Возможно, указанная московская оптика души, которой он не определял, но диагностировал и которой поддался на одно мгновение писания «Бедной Лизы», в итоге оказалась настроена для него самого слишком уж центростремительно, «монархически». Николай Карамзин не вполне соответствовал требованиям им же самим определенной московской оптики. Он для того был слишком онемечен: хладнокровен и «глазаст».

Карамзин остался вне Москвы, за «зеркалом»; не шагнул из пространства в слово, хотя указал русской литературе именно этот путь — в Москву.

Он был слишком отстранен, осторожен, старался во всяком своем предприятии сохранить дистанцию от совершаемого переворота языка.
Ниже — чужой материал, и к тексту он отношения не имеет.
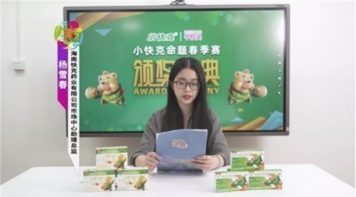 作为学院奖的老朋友,小快克以独特的0.5袋分隔包装以及儿童喜爱的草莓口味被百万大学生所熟知。在常规类别外,“快克创意实战奖”从不同角度、不同调性出发,去挖掘每一件作品,体现了快克药业对于大学生创意的喜爱与尊重。2021年,学院奖组委会联合快克药业发起“快克新青年社会化媒体创意传播大赛”,旨在帮助大学生群体了解新媒体传播的特性,号召参赛人群将创意真正在新媒体传播平台传播,从而检验创意的传播势能。海南快克药业有限公司市场中心助理总监杨雪春女士宣布小快克命题的常规类别荣誉,并揭晓“快克创意实战奖”及快克社会化媒体创意传播大赛的最终名单。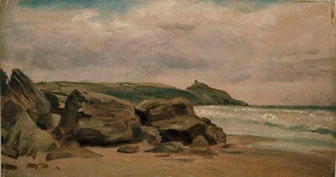 1) A coast scene near Looe by Lionel Bicknell Constable previously attributed to John Constable (main illustration); 2) Scene on a Rocky Coasty by Millet. These two works form part of an important public gift in the memory of Lady Sadler by Sir Michael Sadler, a member of the Executive Committee of the Art Fund in 1931. It takes the form of a collection of pictures and drawings, together with some objects of Oriental art

Неслучайно он так часто вспоминал о зеркале и надобности рефлексии.

Так на войне осторожный наблюдатель поднимает зеркало поверх окопа, чтобы увидеть, что там впереди, и при этом не получить пулю в лоб.

Поэтому он оказывается в нашем представлении — «там», до Пушкина.

*

Примерно так видится теперь, после разбора европейского путешествия Карамзина, исходная мизансцена языка «у зеркала».

Мы пробуем поместить слово в пространство (истории). Русский язык, тот, что для нас уже состоялся и представляет настоящее совершенное время, и который прямо связан для нас с именем и временем Пушкина, для Карамзина был — остался — в будущем времени. Такова пространственная грамматика исследуемого события: то, что для нас начало, чудо рождения нового слова, для Карамзина конец долгого, сложного, противоречивого, с откатами и возвращениями на исходные позиции «архитектурного» опыта по устроению русского языка.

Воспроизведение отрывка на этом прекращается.